In a statement released on Thursday, the United Nations High Commissioner for Refugees (UNHCR) said that, "We need to be nimble and creative in our response in order to meet the needs of vulnerable Iraqis and Syrian refugees across an ever-broadening spectrum. 2018-2019 must be a year of return."
"Iraq needs to leave behind the legacy of 25 years of displacement and move towards normalization."
The statement went on to say that "the battle for Mosul ended one year ago this month, but the legacy of conflict continues to overshadow Iraq... We must remember that return is not just going back to a house, it is going back to a community."
Some 3.9 million Iraqis have already returned to their home towns and villages, according to the UNHCR, but for the 2 million Iraqis still in displacement, "obstacles to return must be removed and conditions conducive to return must be created. The extent of the devastation in places like West Mosul cannot be underestimated."
For the 250,000 Syrian refugees sheltering in Iraq, the statement continued, "return is not a sustainable option at present."
"The Kurdistan Region of Iraq houses 97 per cent of the Syrian refugees in Iraq, generously received by the people and the Kurdistan Regional Government.
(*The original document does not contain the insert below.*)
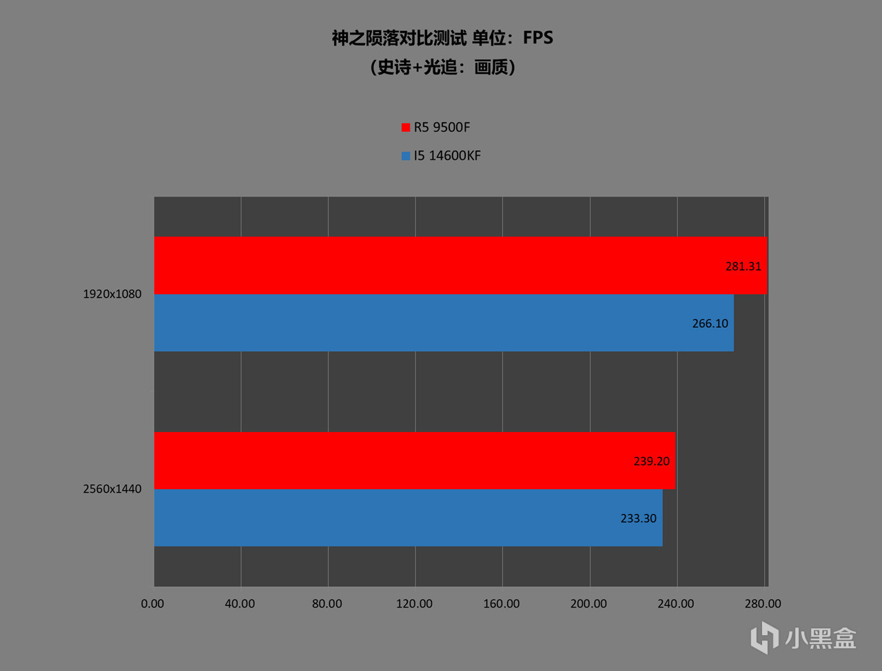 在《神之隕落》測試中,銳龍5 9500F相較I5 14600KF,在兩個分辨率下均有較爲明顯的領先,其中1080P分辨率下領先了15.21幀,領先比率5.72%;1440P分辨率下領先了5.90幀,領先比率2.53%。

For a country barely out of the shadow of conflict and extremism, the benevolence of Iraqis and Kurds towards their Syrian neighbours is truly humbling."
The UNHCR was created in 1950, and its challenging mandate is to protect refugees, forcibly displaced communities, and stateless people, and to assist in their voluntary repatriation, local integration, or resettlement to a third country.
In a monthly statement released on Sunday, the United Nations Assistance Mission for Iraq (UNAMI) said that, in June, 76 Iraqi civilians were killed "in acts of terrorism, violence, and armed conflict" while another 129 were injured by such attacks.
The figures do not include casualties among members of the police or military, but rather "ordinary citizens, and others considered civilian at the time of death or injury, such as police in non-combat functions, civil defense, personal security teams, facilities protection police and fire department personnel," the statement read.
According to UNAMI, statistics included in the report "are estimates as the organization has been prevented from properly verifying casualties in some areas of the country... where the figures are provided by the Health Directorate and usually do not reflect the actual casualty count."